Dr. Saturday - NCAAF

Adjusting to the weekend's new realities.

Where K-State is king. The division's three obvious preseason frontrunners, Nebraska, Missouri and Kansas, all suffered their second conference losses of the season in fairly humiliating fashion -- in successive time slots, the Huskers committed eight turnovers against Iowa State; Mizzou was trounced by five touchdowns at home against Texas; and KU gift-wrapped a lopsided win to an Oklahoma outfit that badly needed it.

The team in sole possession of first place at the moment, Kansas State, has suffered back-to-back losses to UCLA and Louisiana-Lafayette and a 52-point pounding at Texas Tech. Colorado (2-5, 1-2) remains very much alive for the division crown, and in all likelihood, no team in the North will be favored to beat any team from the South except possibly Baylor, a much-needed confidence-builder the next two weeks for Nebraska and then Missouri. But it's a toss-up, really.

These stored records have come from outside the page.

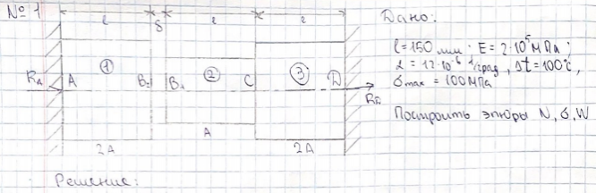 Полный типовой расчет по сопротивлению материалов №1 "Растяжение — сжатие, Кручение", 3 задачи, зачтено
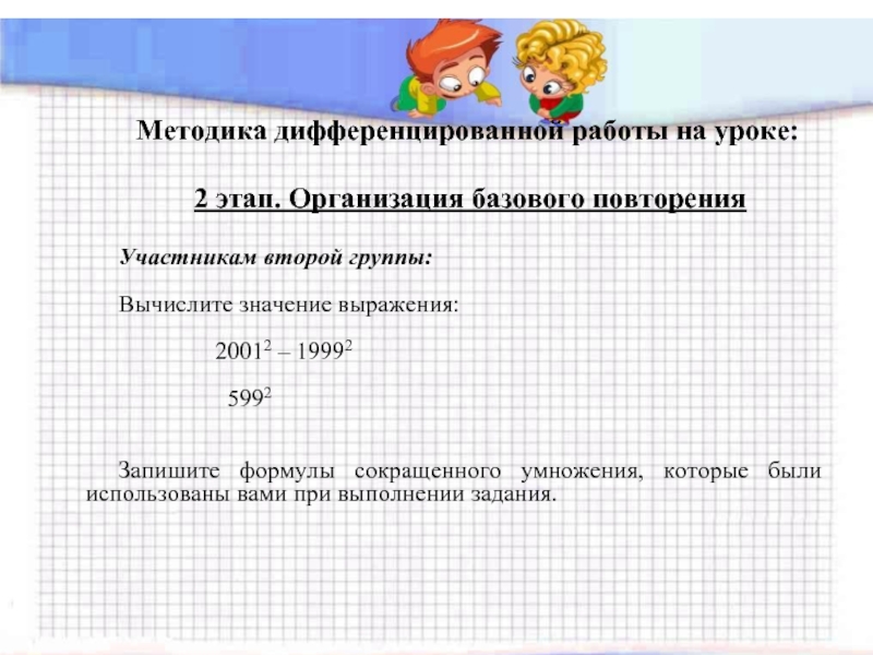 Запишите формулы сокращенного умножения, которые были использованы вами при выполнении задания.
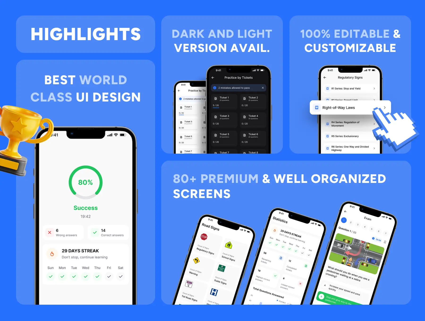 Ship a credible DMV/DVSA learning app fast. AutoQuiz is a production-ready driving test app ui kit with Dark & Light themes, a complete design system, and 80+ polished screens covering the entire learning journey β from onboarding to real exam simulation. Rebrand in minutes, keep everything consistent, and launch faster. β¨

This year's USC defense is not last year's USC defense. Coming into the season, there was no way this year's USC defense could possibly hope to operate in the same ballpark as the devastating 2008 Trojan D, which allowed fewer points per game than any other defense of the decade, also led the nation against the pass and sent eight players to the draft. Through the first five games, though, the new crop was working on a surprisingly strong approximation, allowing a grand total of three touchdowns and effectively shutting down Ohio State (15 points) and Cal (three points). Even in the bewildering loss at Washington, the Huskies struggled to score 16 on less than 300 yards for the game. The new crop was still making a case as the best defense in the country.

Two weeks later, that case is riddled with holes courtesy of Jimmy Clausen and Sean Canfield, who have combined for 589 yards and five touchdowns passing with no interceptions in the Trojans' narrow escapes against Notre Dame and Oregon State, respectively. Yielding a little to the Irish was understandable, but Saturday night's effort against OSU was arguably USC's worst in years: Canfield's three-touchdown performance matched a career-high he achieved against Idaho State in 2007, while Jacquizz Rodgers easily broke 100 yards on the ground on more than five yards per carry for the second year in a row.

If the Trojan offense hadn't shown up this time around to bail them out, the defense would have earned failing marks across the board for the first time since the brain-bursting Stanford loss two years ago.

BYU does not belong anywhere near the polls. Stunningly, the Cougars remain the No. 1 team in the AP's "Also Receiving Votes" section and the No. 2 "Also Receiving Votes" team in the Coaches' poll, meaning quite a few pollsters are still voting for BYU despite blowout losses to Florida State and now TCU, barely a month apart and both at home. The Cougars took advantage of shellshocked Oklahoma to earn a quality win when Sam Bradford went down in the opener, but since haven't beaten another team with a .500 record and have been bounced out of their own stadium by the only teams they've faced with a pulse -- and when one of those teams is the current edition of Florida State, it's not even that strong of a pulse. After a week off, the Y will need a big November, culminating with a strong effort against Utah, to salvage its reputation as one of the heavy hitters out of the Mountain West.

OMG Terrelle Pryor for Heismanz! Well, no. But after last week's dog pile by fans and even some local media, Pryor delivered probably his best performance of the season with three touchdowns, 100 yards rushing, and a successful refutation of a week of sports-radio backlash and a few scattered boos in the first quarter of Ohio State's blowout win over Minnesota. It must be nice to be at a program that devolves into a mini-crisis after every loss.